Recently, the Quebec and Ontario governments announced changes to enhance certain tax credits aimed at the film and television industry with the goal of bringing more foreign based productions into these provinces. In doing so, both governments have recognized the increasing global competition to attract film and television productions with the use of government incentives.
Canada was already a pioneer in the development and implementation of government incentives when it introduced the current system of tax credits in 1997. The success of Canada’s tax credit model in attracting film and television projects to the major production centers of Vancouver, Toronto and Montréal, did not go unnoticed. Similar incentives have since been introduced throughout Europe, Australia and the U.S. Presently, there are over 40 states in the U.S. which employ some form of government incentive program targeting the film and television production industry. This increasing competition and the rise in the Canadian dollar were cited as key factors in the recent Quebec and Ontario announcements.
It may then seem paradoxical that while the tax credit systems in Quebec and Ontario are being enhanced, some of their direct competition in the U.S. are coming under criticism for failing to live up to expectations. A recent article in the IEDC Economic Development Journal assesses incentives in certain states which seem to have significant flaws which detract from their overall value and efficacy.
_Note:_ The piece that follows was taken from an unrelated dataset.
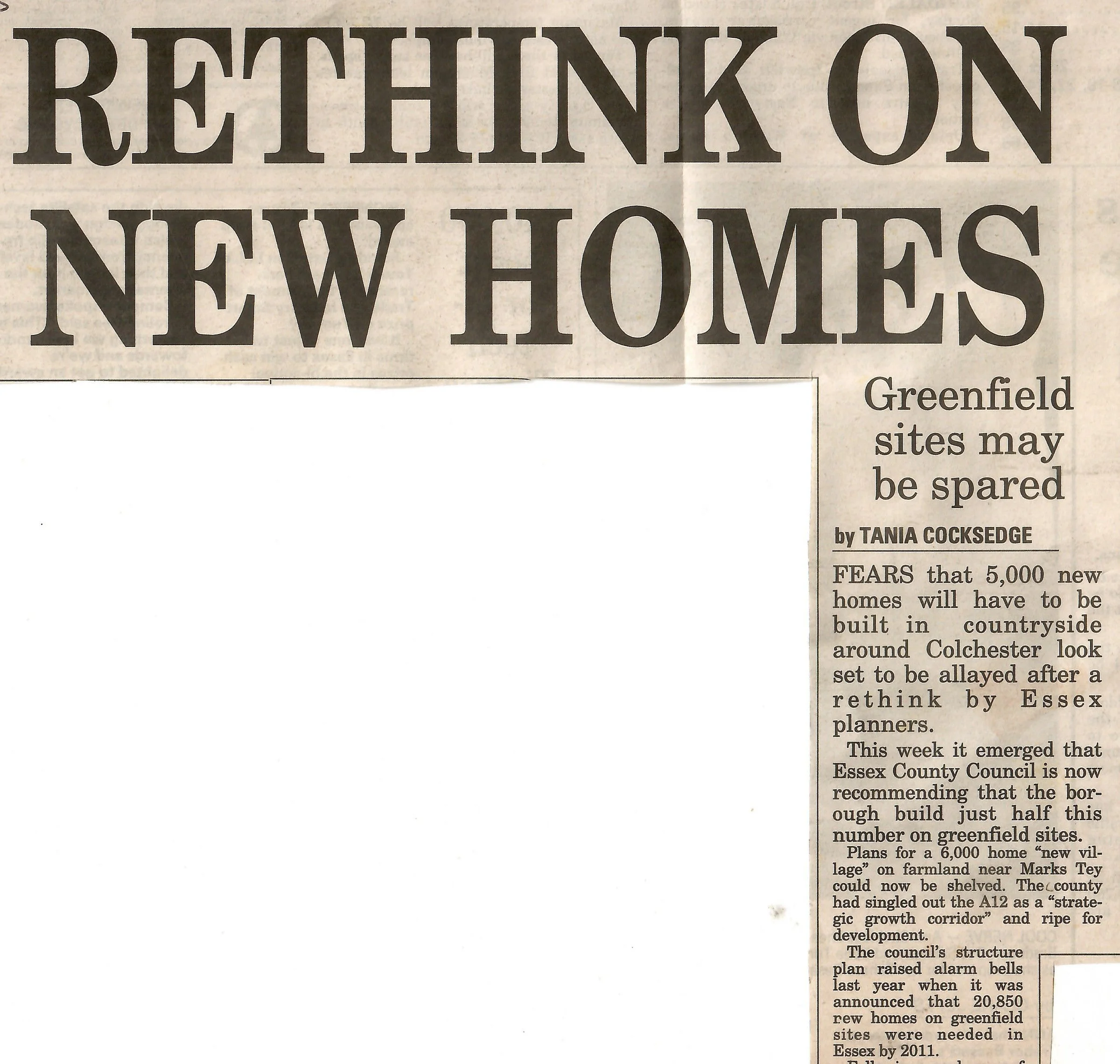 Newspaper report regarding proposals for a new village adjacent to Marks Tey.
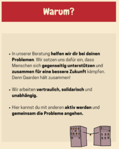 Wir setzen uns dafür ein, dass Menschen sich gegenseitig unterstützen und zusammenarbeiten für eine bessere Zukunft. In unserer Beratung helfen wir dir bei deinen Problemen und wir möchten dich ermutigen, auch selbst aktiv zu werden. Bei uns kannst du Verbündete finden und gegen die Probleme kämpfen.

While the tax credit systems already in place in Canada’s production centers are considered a cornerstone in the strategy to both feed the existing infrastructure, create high skilled sustainable jobs and continue to grow the existing film and television industry, in most U.S. states (with the exception of New York and California), incentives were introduced with the goal of creating both a film and television industry and a supporting infrastructure. Consequently, the experiences in these states have been markedly different than the experiences in places like Vancouver, Toronto and Montreal where such incentives are part of an overall strategy.
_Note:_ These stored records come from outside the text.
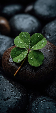 A detailed image features a four-leaf clover, showcasing vibrant green leaves with water droplets. The clover rests on a weathered, textured surface, possibly a rock, suggesting an outdoor setting. The composition uses selective focus, highlighting the clover. This image is suitable for various commercial uses, including illustrations and designs.
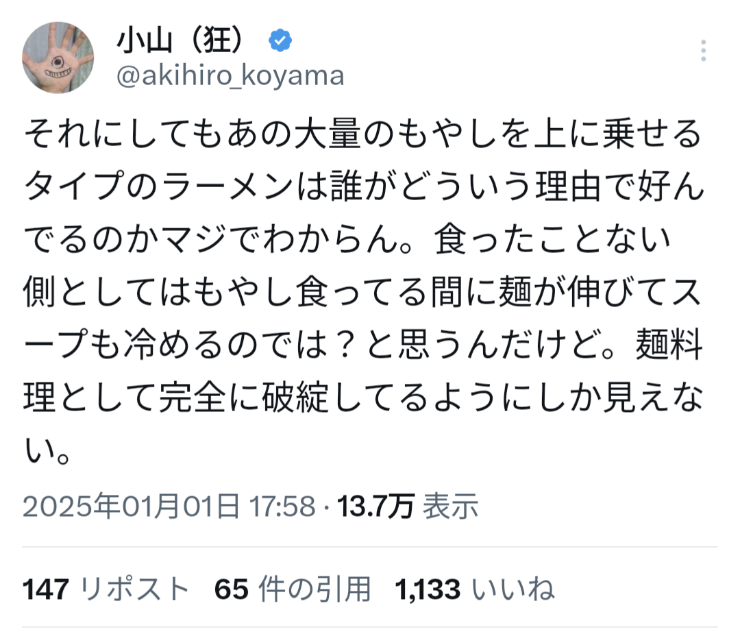 【悲報】識者「二郎系ラーメンは麺料理として破綻してる。大量のもやしを食ってる間に麺伸びますよね?」→炎上wwww
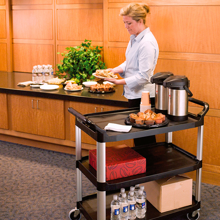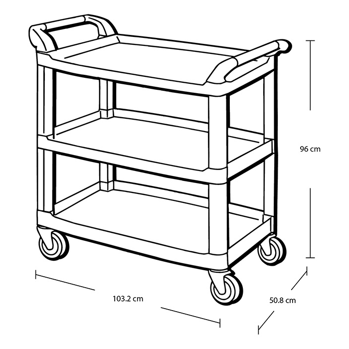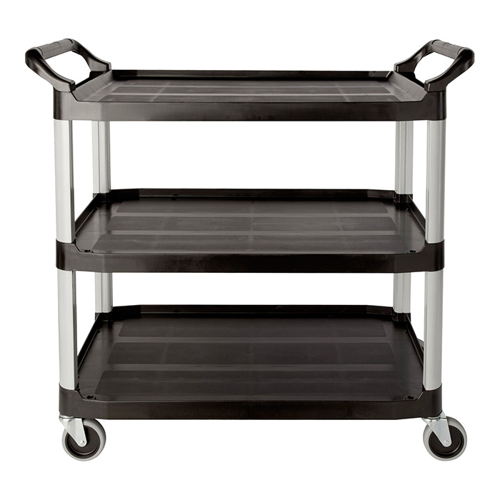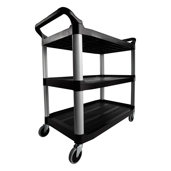 Carro de polipropileno negro de 3 estantes con capacidad para 45 kg/bandeja. Ruedas giratorias antihuella de 10,2 cm Ø. Estructura reforzada.

There was a tremendous growth in U.S. incentives starting at the beginning of this decade. Many state politicians seemed to fall under the spell of Hollywood, and notion that all that was required was an attractive incentive and the state would become, in the parlance of the film business, a “player”. As a result, incentives and film offices appeared all over the U.S. in places as disparate as Connecticut, New Mexico, Hawaii and Alaska.
The reality now coming into focus is that certain factors have resulted in these incentives being criticized as ineffective in achieving the goals of the lawmakers, and in many cases, resulting in a net loss for those states:
The absence of an existing infrastructure and some critical mass in the work force required states to permit the “importing” of many of the skilled jobs and suppliers, who then left the state once a production was completed. This mobility has made the establishment of a permanent infrastructure very difficult. Further, those individuals and suppliers who left the state offering the incentives, would pay income taxes to their home state and not the one offering the incentives.
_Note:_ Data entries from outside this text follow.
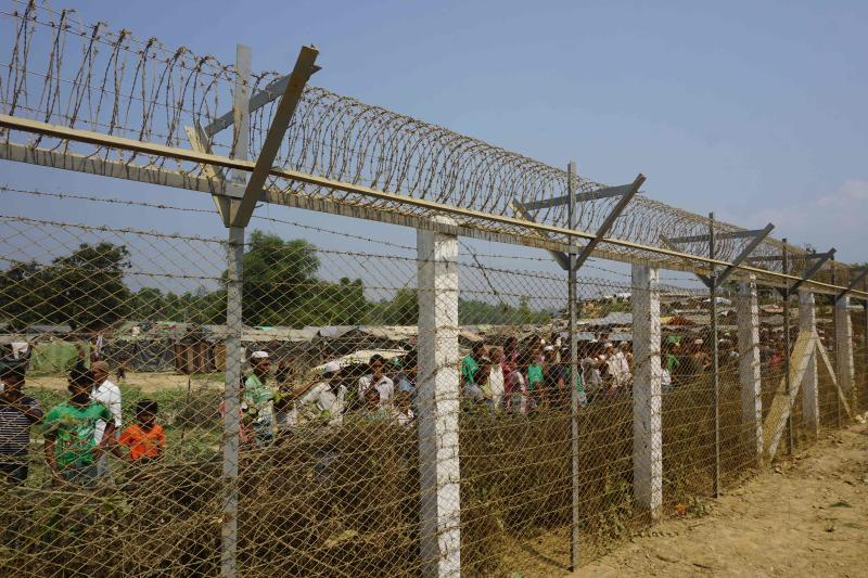 Rohingya Muslims gather behind Myanmar's border lined with barbed wire fences in Maungdaw district, located in Rakhine State bounded by Bangladesh, on March 17, 2018.
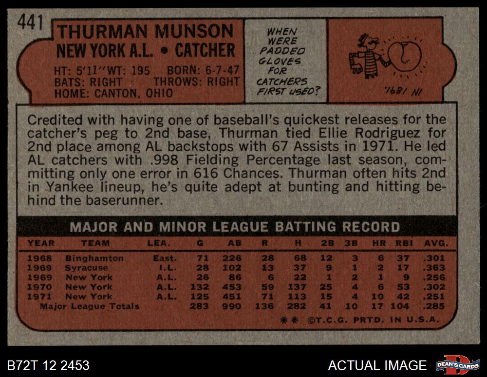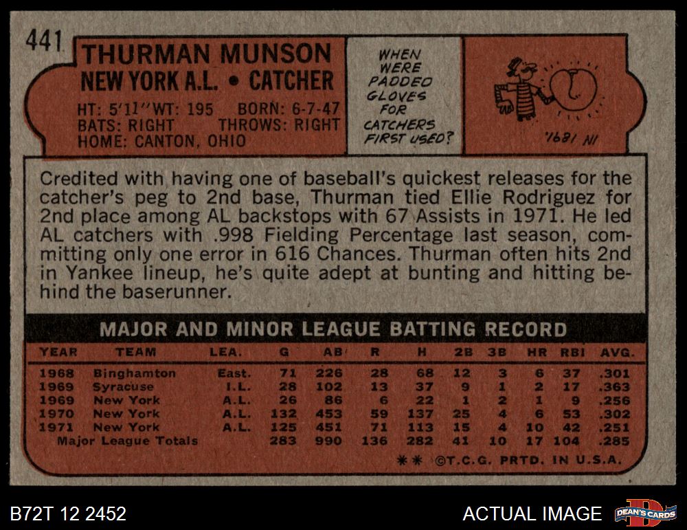 1972 Topps #441 Thurman Munson 4 - VG/EX
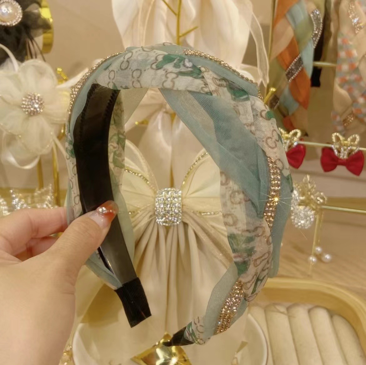 2022秋冬韓国ファッション感レトロ布芸結びカチューシャ髪束気質ワイドカチューシャ髪飾り

Increased competition among jurisdictions has meant that many states allowed significant portions of a production’s budget to be spent outside of the state, thereby undermining one of the goals of the incentives and reducing the economic benefit to the state.
Many states adopted the use of transferable tax credits (as opposed to the type used in Canada) which could be sold by the production company (to the extent not required) to third parties who wanted a tax deduction. This unintended consequence added to the “cost” of such incentives as a result of the third party’s avoidance of tax.
The experience of states which have attempted to create an industry where nothing existed before, seems to support the position that incentives alone won’t achieve that goal. Whether U.S. state officials heed some of these concerns remains to be seen – but what is clear is that the lure of Hollywood extends beyond those who just want to be in the movies.